Understanding the affect heuristic leads one to expand their understanding of the term “conflict of interest”. My simple explanation of the affect heuristic follows:
If you like something, you overestimate the benefits and underestimate the risk. The contrary holds also. If you dislike something, you underestimate the benefits and overestimate the risks.
This concept helps us understand that we should consider multiple conflicts of interest. Clearly the pharmaceutical and device industries have taken advantage of this concept. They hire very likable representatives. These representatives treat physicians very well. Physicians, nurses and office staff like the representatives. Thus, the companies are well considered. When considering a drug that they are selling or a device that they make, the recipients of the kindness attribute benefits and minimize risks for the drug or the device.

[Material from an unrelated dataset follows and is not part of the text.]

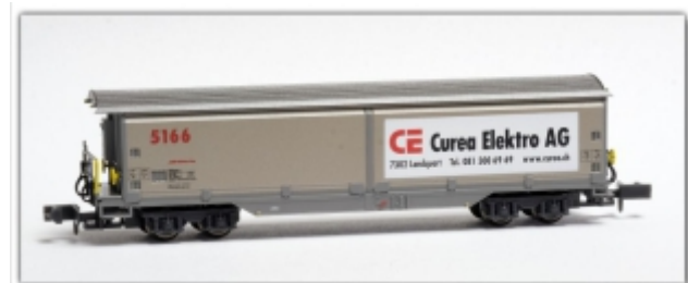
MD-61014.N: RhB Schiebewandwagen Haiqq-qy 5166 Curea Elektro, Spur N, MDS-Modell

Sliding wall carriage set of two Haik-v 5132 and Haik-v 5133 with advertising „Kuoni“ N gauge (9mm) with N standard coupler or optionally Nm gauge (6.5 mm) with a Kato close coupler

The same phenomenon occurs when the business funds research. The recipients of the research funds will have their values changed.
These values change subconsciously. We need not say that the conflict is explicit.
But there are other major conflicts. Our expertise is a conflict. For example, my thoughts about pharyngitis induce the affect heuristic. Being a diabetologist induces the heuristic. Diabetologists overestimate the value of tight control, and suppress the estimates of risks. Interventional cardiologists overestimate the benefits of stenting and underestimate the relative benefits of coronary arty bypass grafting.
Insurance company executives underestimate the benefits of expensive treatments.
The only logical way of avoiding conflicts of interest is to balance our committees and thereby balance the conflicts.
Most guideline writers and performance measurement developers would deny that they have a conflict. But we all have some conflict. We should acknowledge our conflicts and make them explicit.
We cannot avoid conflicts, thus we should consider the competing conflicts.
db is the nickname for Robert M. Centor, MD, FACP. db stands both for Dr. Bob and da boss. He is an academic general internist at the University of Alabama School of Medicine, and is the Regional Associate Dean for the Huntsville Regional Medical Campus of UASOM. He still makes inpatient rounds over 100 days each year. This post originally appeared at his blog, db's Medical Rants.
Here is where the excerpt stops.